November 28, 2017 D program in Windows Task Scheduler. | ||||
---|---|---|---|---|
| ||||
Hi All, I have small D program which run's perfectly when i run it manually, but when I schedule the same via windows task scheduler and choose the option "Run whether user is logged on or not" the program does not execute, the task scheduler job log return code 4294967295(Invalid argument). SO request you help on this. Execution Steps test.exe <option> Option: run , dryrun ,help Example Execution : test.exe dryrun Program: import std.stdio; import std.getopt; import std.path; import core.stdc.stdlib: exit; void Test1(string Step) { writeln("This is Test1 :", Step); } void Test2() { writeln("This is Test2"); } void Test3() { writeln("This is Help"); } void main (string[] args) { if (args.length <= 1 || args.length > 2 ) { writeln("No Arguments Provided"); exit(-1); } string op = args[1]; try { getopt(args, std.getopt.config.caseInsensitive, std.getopt.config.stopOnFirstNonOption); switch (op) { case "dryrun" , "run" : auto Step = op; Test1(Step); Test2; break; case "help" : Test3; break; default : writefln("Unknown operation"); } } catch (Exception exc) { writefln("Error processing command line arguments: %s", exc.msg);} } From, Vino.B |
November 28, 2017 Re: D program in Windows Task Scheduler. | ||||
---|---|---|---|---|
| ||||
Posted in reply to Vino | On Tue, 28 Nov 2017 09:44:39 +0000, Vino wrote:
> Hi All,
>
> I have small D program which run's perfectly when i run it
> manually, but when I schedule the same via windows task scheduler and
> choose the option "Run whether user is logged on or not" the program
> does not execute, the task scheduler job log return code
> 4294967295(Invalid argument). SO request you help on this.
You're not using getopt in the sample; if you comment that line out, do you still have the problem?

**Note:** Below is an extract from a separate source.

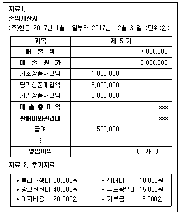 (주)한공의 손익계산서 일부와 추가자료이다. 추가자료를 이용하여 계산한 (가)의 금액으로 옳은 것은?
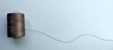 Old rusty needle and strong twine. Accessories for the leatherworker in the workshop. Dark background.

How are you passing arguments in Task Scheduler? You should be using the
textbox for arguments, not the same one the application is passed in.
Program/script: test.exe
Add arguments: dryrun, run
If that's correct, create a batch file that takes no arguments and calls your application and try running the batch file via Task Scheduler. If that fails, the application is probably trying to do something it doesn't have permission to do. If it succeeds, the task command is probably not set up correctly.